Problem statement –
Print the entire listing below word for word, excluding its pictures.

Data –
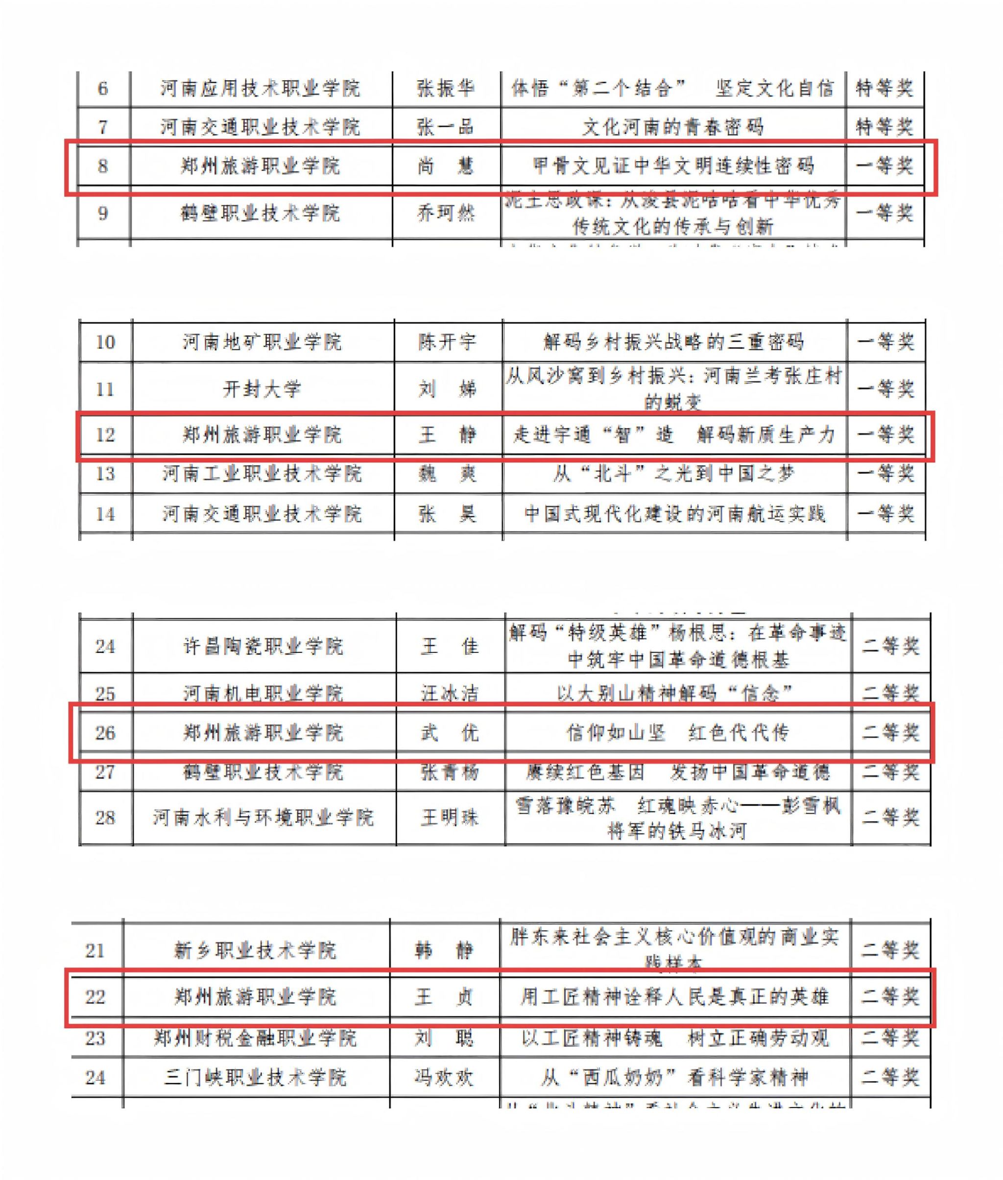 近日,2025年度河南省优秀思政课程资源征集评审结果公布。经过学校申报、资格审查、专家评审、综合评议等多环节严格遴选,我校马克思主义学院思政课教师共荣获一等奖两项、二等奖两项,集中体现了我校在思想政治理论课改革创新方面的扎实成效。其中,尚慧、王静两位老师获一等奖,武优、王贞两位老师获二等奖。
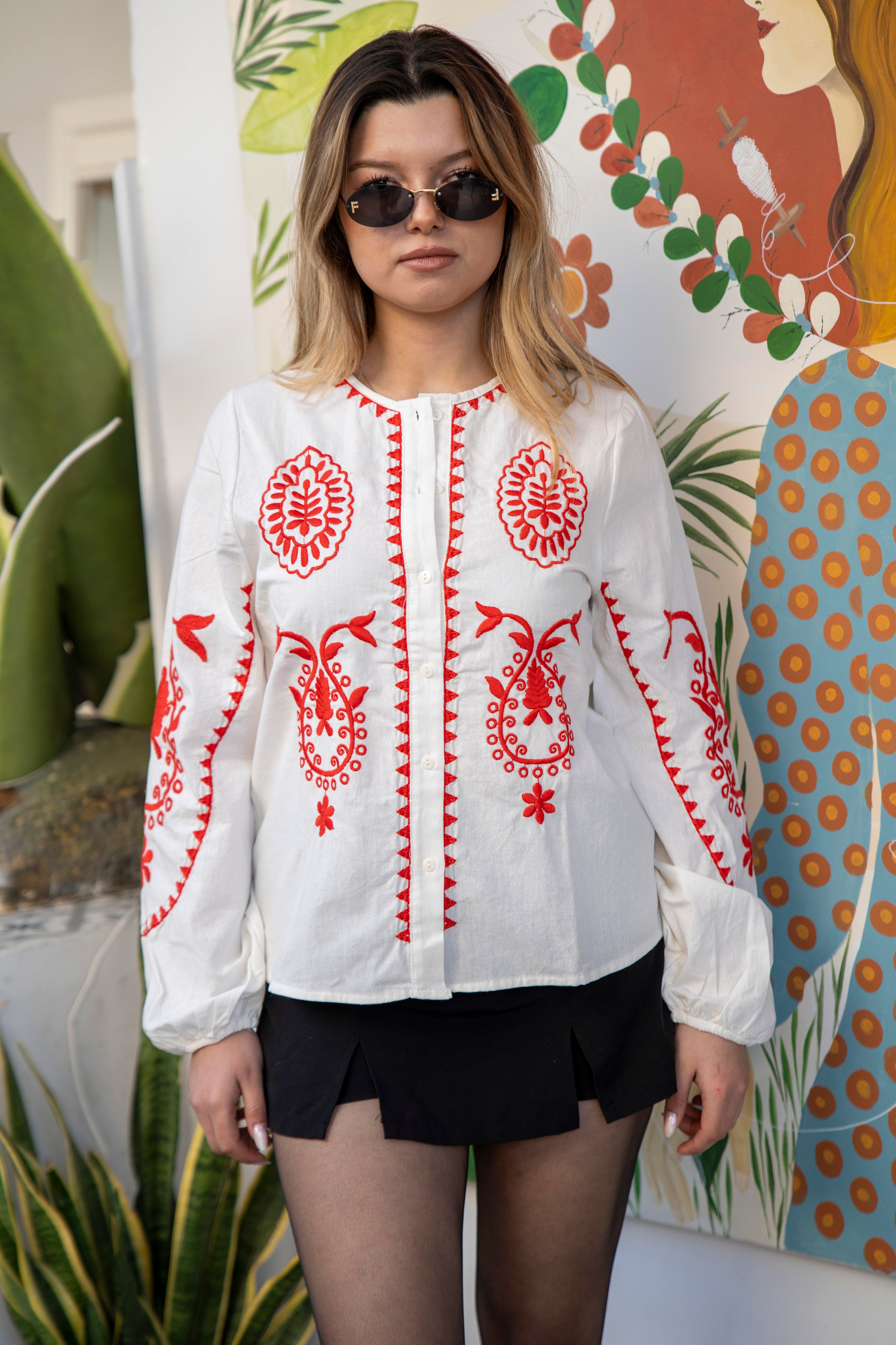 White Design Shirt with Red Embroidery
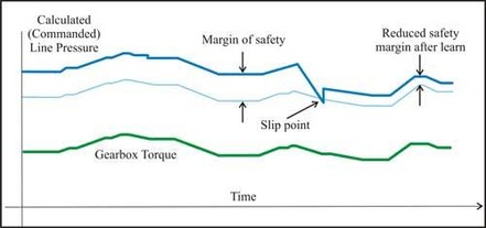 | One software change that took place is related to fuel economy, which affects how the TEHCM controls line pressure inside the transmission. Typically, once a shift transition is made, line pressure is increased and held so as to keep the driving or holding clutch from slipping, maintaining the commanded gear. The engine then drives the pump through the torque converter. When line pressure becomes high, this places an additional mechanical load on the engine, negatively affecting fuel economy. For Gen 2, a “system pressure learn” program was written where the computer will periodically bring line pressure down until it sees it slip. It will then raise line pressure just slightly above the slip point, minimizing the margin of safety between slip and non-slip conditions. By doing this, the engine is driving a pump at lower pressures for longer periods of time. This places less load on the engine and thus increases fuel economy. |

Written answer –
 近日,2025年度河南省优秀思政课程资源征集评审结果公布。经过学校申报、资格审查、专家评审、综合评议等多环节严格遴选,我校马克思主义学院思政课教师共荣获一等奖两项、二等奖两项,集中体现了我校在思想政治理论课改革创新方面的扎实成效。其中,尚慧、王静两位老师获一等奖,武优、王贞两位老师获二等奖。
 White Design Shirt with Red Embroidery
 | One software change that took place is related to fuel economy, which affects how the TEHCM controls line pressure inside the transmission. Typically, once a shift transition is made, line pressure is increased and held so as to keep the driving or holding clutch from slipping, maintaining the commanded gear. The engine then drives the pump through the torque converter. When line pressure becomes high, this places an additional mechanical load on the engine, negatively affecting fuel economy. For Gen 2, a “system pressure learn” program was written where the computer will periodically bring line pressure down until it sees it slip. It will then raise line pressure just slightly above the slip point, minimizing the margin of safety between slip and non-slip conditions. By doing this, the engine is driving a pump at lower pressures for longer periods of time. This places less load on the engine and thus increases fuel economy. |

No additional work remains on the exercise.